=== Records supplied ===
........
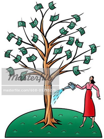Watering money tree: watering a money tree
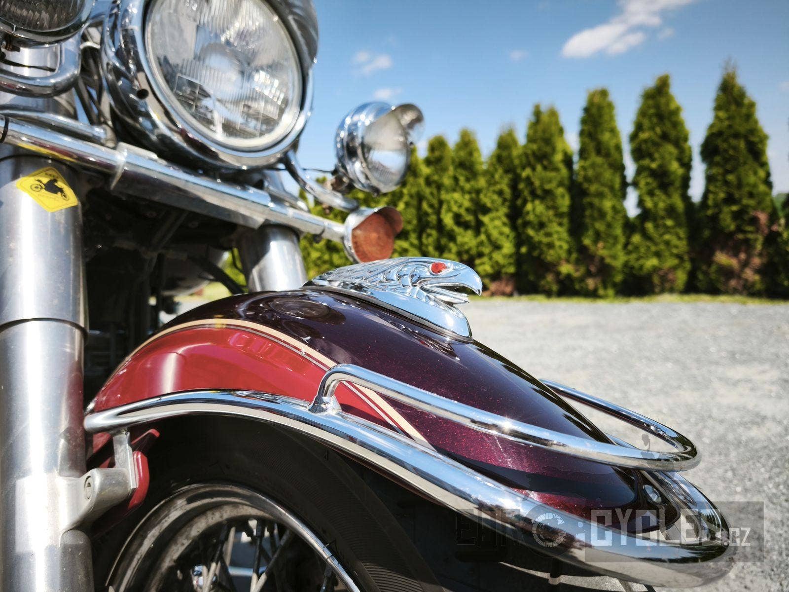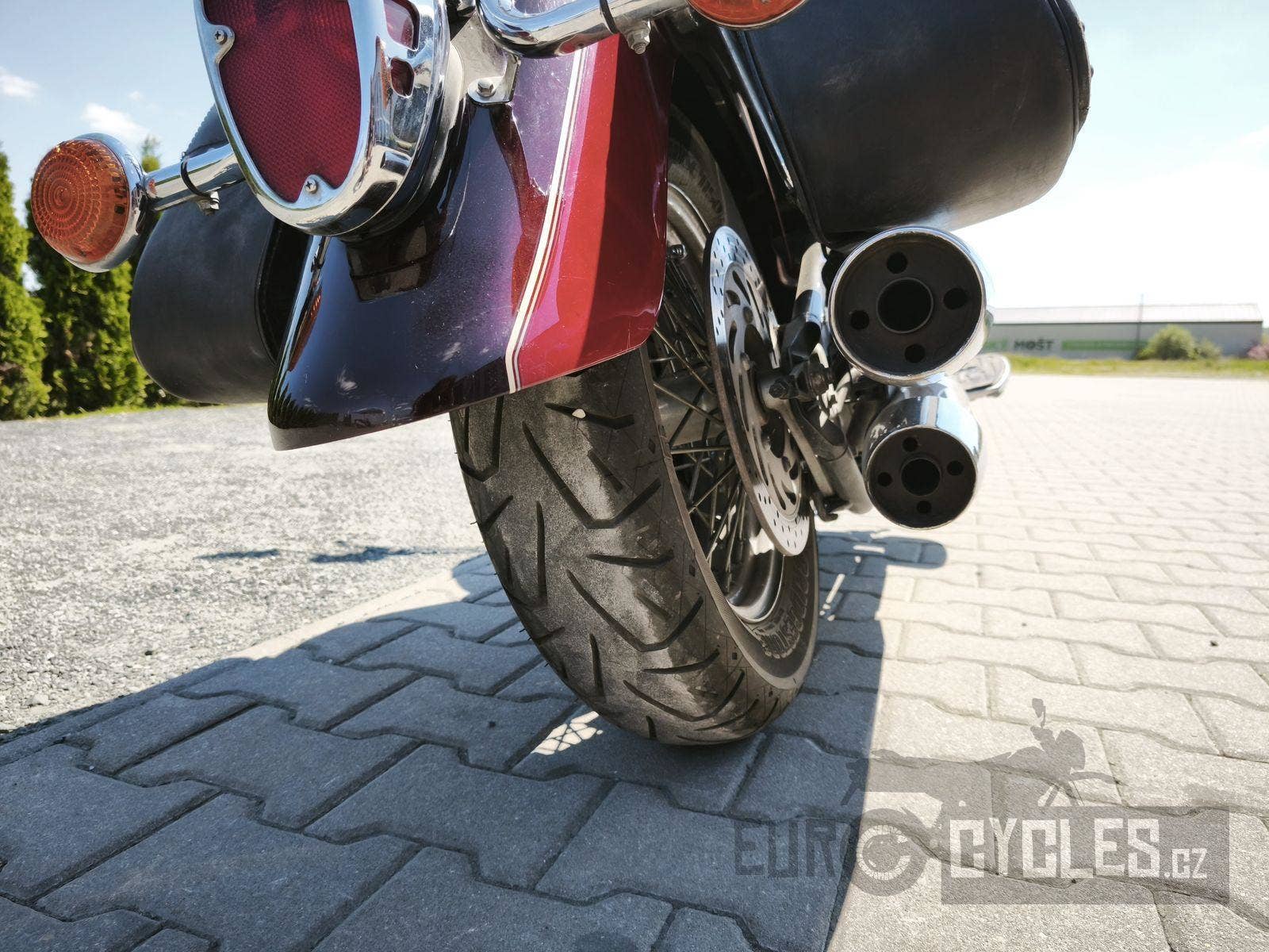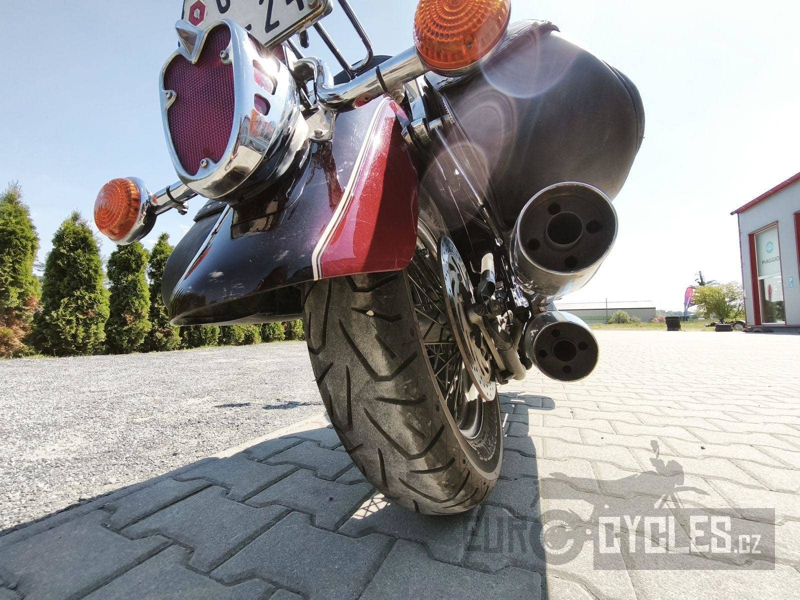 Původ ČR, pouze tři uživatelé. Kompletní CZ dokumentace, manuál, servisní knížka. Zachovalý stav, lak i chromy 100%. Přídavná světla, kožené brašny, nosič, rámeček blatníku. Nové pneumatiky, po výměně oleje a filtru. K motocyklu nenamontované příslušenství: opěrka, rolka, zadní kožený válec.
........
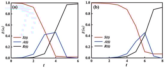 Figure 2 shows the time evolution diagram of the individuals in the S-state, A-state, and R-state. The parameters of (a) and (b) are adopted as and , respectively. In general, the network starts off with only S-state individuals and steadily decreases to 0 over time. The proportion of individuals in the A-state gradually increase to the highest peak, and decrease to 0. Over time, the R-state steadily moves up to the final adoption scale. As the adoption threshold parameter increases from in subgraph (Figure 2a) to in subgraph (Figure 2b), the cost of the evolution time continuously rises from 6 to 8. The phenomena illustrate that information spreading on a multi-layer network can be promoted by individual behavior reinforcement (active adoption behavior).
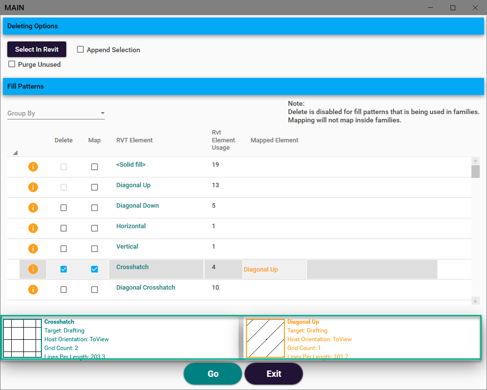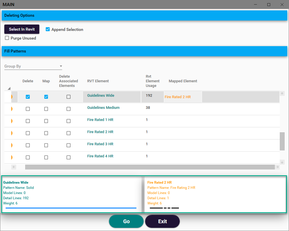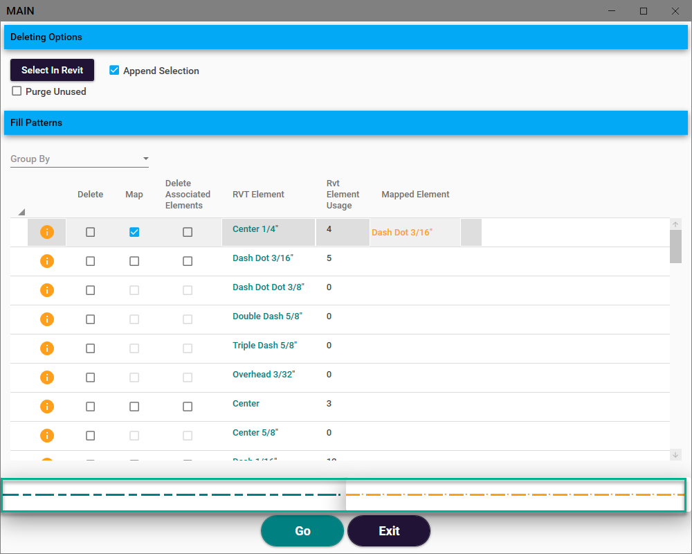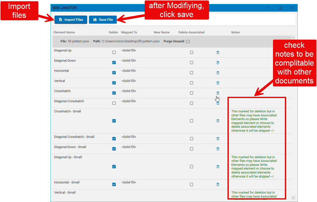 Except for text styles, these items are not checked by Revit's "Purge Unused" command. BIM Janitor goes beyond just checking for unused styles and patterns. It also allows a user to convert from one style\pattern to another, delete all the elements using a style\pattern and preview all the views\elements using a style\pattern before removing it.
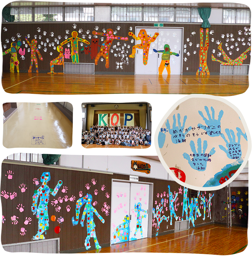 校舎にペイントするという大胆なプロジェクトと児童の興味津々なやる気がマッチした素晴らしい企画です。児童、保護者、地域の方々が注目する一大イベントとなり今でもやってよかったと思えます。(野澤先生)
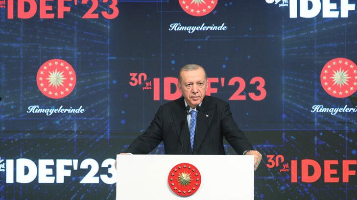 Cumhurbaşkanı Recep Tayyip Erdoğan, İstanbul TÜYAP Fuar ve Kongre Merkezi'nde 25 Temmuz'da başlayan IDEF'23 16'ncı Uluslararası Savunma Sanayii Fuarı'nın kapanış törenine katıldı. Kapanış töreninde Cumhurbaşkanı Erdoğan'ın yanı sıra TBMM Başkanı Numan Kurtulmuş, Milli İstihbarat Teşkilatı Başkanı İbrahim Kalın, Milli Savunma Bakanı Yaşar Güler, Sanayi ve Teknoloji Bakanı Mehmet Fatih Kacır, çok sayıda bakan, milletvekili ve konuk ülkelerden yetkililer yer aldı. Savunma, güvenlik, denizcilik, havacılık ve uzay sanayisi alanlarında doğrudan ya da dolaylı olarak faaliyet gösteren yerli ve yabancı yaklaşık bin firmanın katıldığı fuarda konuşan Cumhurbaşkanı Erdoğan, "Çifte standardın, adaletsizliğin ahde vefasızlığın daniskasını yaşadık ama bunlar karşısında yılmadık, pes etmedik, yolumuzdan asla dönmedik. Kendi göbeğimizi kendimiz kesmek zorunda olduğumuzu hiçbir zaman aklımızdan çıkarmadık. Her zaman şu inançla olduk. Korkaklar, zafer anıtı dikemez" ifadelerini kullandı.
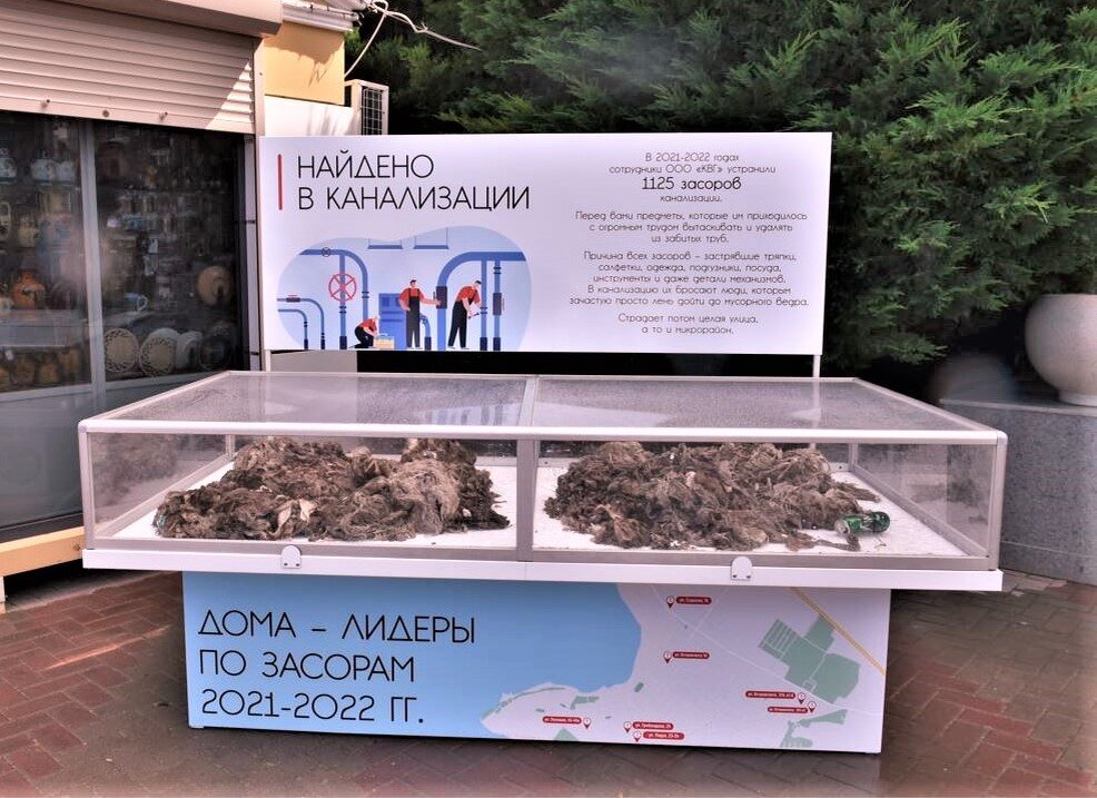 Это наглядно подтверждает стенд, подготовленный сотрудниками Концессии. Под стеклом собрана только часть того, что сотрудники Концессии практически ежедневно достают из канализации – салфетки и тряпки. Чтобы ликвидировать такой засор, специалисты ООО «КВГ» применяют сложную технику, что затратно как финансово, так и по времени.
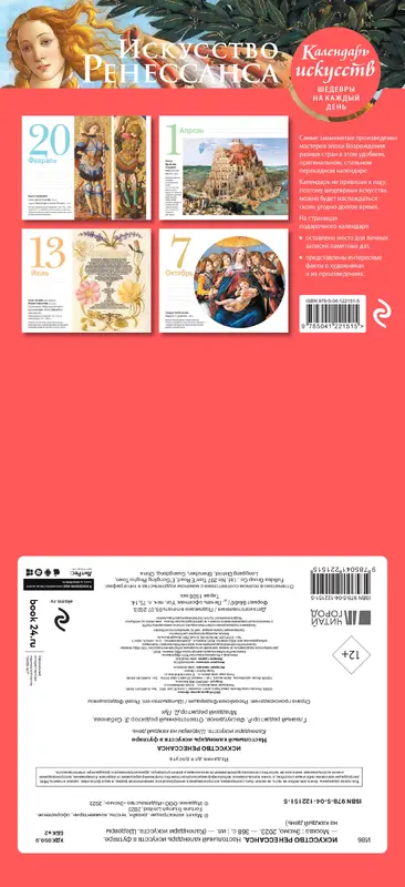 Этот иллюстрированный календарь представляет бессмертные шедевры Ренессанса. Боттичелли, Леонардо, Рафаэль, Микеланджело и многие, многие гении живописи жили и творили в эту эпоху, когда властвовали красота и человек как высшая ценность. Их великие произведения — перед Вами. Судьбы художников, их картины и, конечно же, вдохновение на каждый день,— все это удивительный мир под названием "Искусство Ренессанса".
........
Reproduce exactly the lines above that run from the one with "Watering money tree: watering a money tree" to the one with "Původ ČR, pouze", both included, leaving pictures out.

=== Answer to the problem ===
Watering money tree: watering a money tree
 Původ ČR, pouze tři uživatelé. Kompletní CZ dokumentace, manuál, servisní knížka. Zachovalý stav, lak i chromy 100%. Přídavná světla, kožené brašny, nosič, rámeček blatníku. Nové pneumatiky, po výměně oleje a filtru. K motocyklu nenamontované příslušenství: opěrka, rolka, zadní kožený válec.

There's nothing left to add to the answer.